In contrast, the court in Eksouzian v. Albanese, 13-00728 (C.D. Cal., Aug. 7, 2015), concluded that a competitor's use of a hashtag did not violate a settlement agreement governing trademark usage between the parties because the hashtag was "merely a functional tool." The parties in Eksouzian had entered into a settlement agreement pursuant to which the plaintiffs were permitted to use the terms "Cloud" or "Cloud Vapes" as trademarks, but not in such close association with the words "pen" or "penz" as to form a unitary trademark. A dispute then arose when plaintiffs subsequently used the hashtags #cloudpen and #cloudpenz in connection with promotional contests on social media. The court held that plaintiffs did not breach the settlement agreement because "hashtags are merely descriptive devices, not trademarks, unitary or otherwise, in and of themselves." This conclusion seems to be at odds with the USPTO's willingness to register hashtags as trademarks.
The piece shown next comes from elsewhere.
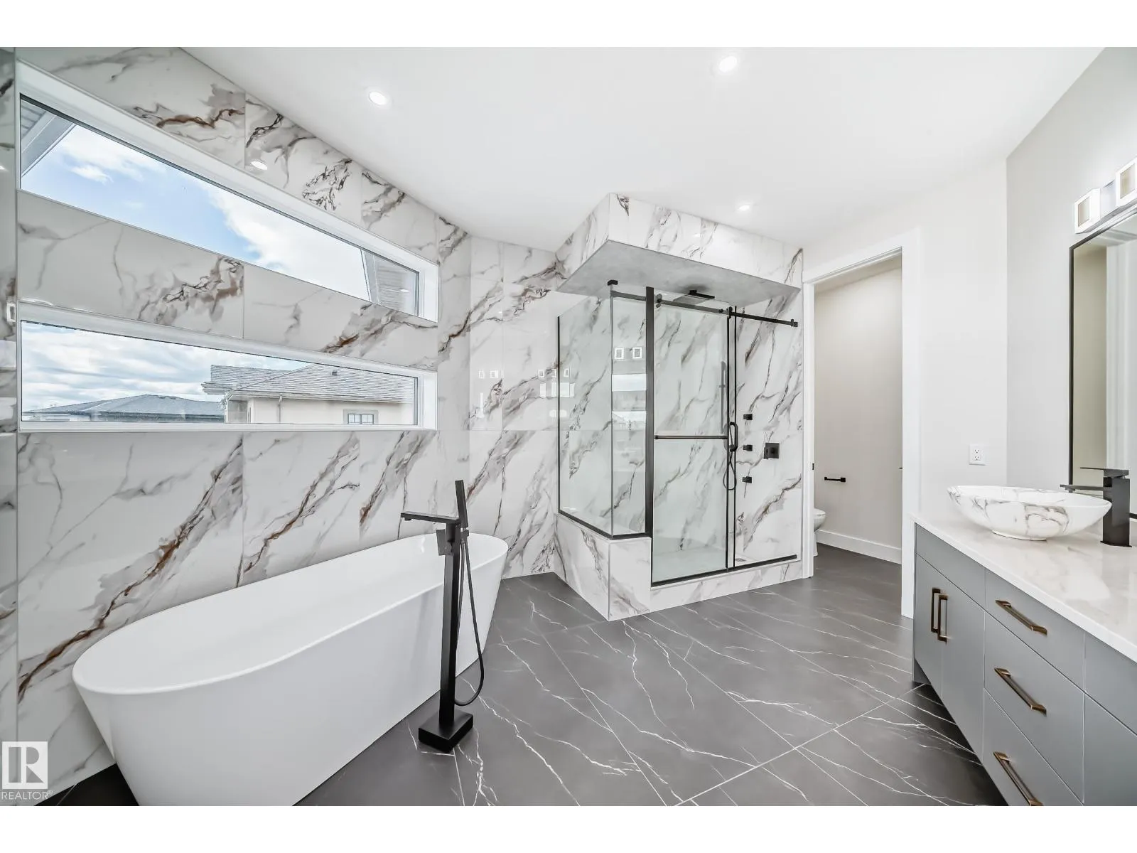 Outstanding Custom-Built Luxury Home in Royal Oaks Exceptional over 4,000 sq. ft. masterpiece, w/ 5 bedrooms and 6 full bathrooms, where every bedroom featuring its own ensuite. The main floor showcases soaring 18-ft ceilings in the living room, a chef-inspired kitchen with 10-ft ceilings, painted wood cabinetry, premium Taj Mahal quartzite countertops, a striking feature wall, and a spice kitchen with gas stove. A main floor den (or bedroom with closet) plus an additional bedroom with ensuite is ideal for family living or guests. Step outside to enjoy the covered balcony. Upstairs, find four spacious bedrooms, each with a private ensuite. The impressive primary suite boasts a stunning feature wall, private balcony, luxurious 5-piece spa ensuite, and much more.. The walk-out basement is designed with flexibility in mind, allowing for two separate suitesâperfect for multi-generational living or future rental income. Oversized triple garage. This than a homeâitâs a lifestyle of luxury, comfort & elegance. (id:27476)

Muddying the waters even further, the court in Public Impact LLC v. Boston Consulting Group Inc., 15-13361 (D. Mass. Mar. 11, 2016), came to the opposite conclusion. In that case, Public Impact, an education policy and management consulting firm that owns a federal registration for the mark PUBLIC IMPACT, sought a preliminary injunction to prevent the defendant, Boston Consulting Group (BCG), from using the hashtag #PublicImpact and the username @4PublicImpact on social media. The court concluded that BCG's use of the username and hashtag was likely to constitute trademark infringement, particularly given the similarity of the services provided by the two organizations. Accordingly, the court enjoined BCG from using the phrase "public impact" with two or fewer letters, numbers or characters appended in any form on social media or in other commercial activities.

In sum, the application of trademark law to hashtags and the rapidly evolving world of social media is still in its very early stages. With regard to federal registration, one scholar has argued that the USPTO should treat hashtag marks as "primarily merely a hashtag" until the applicant can establish that the mark actually functions as a source indicator, an approach that could avoid some of the inconsistencies seen in the registration process today. The bigger questions regarding the scope of protection afforded to hashtag marks, however, have yet to be resolved.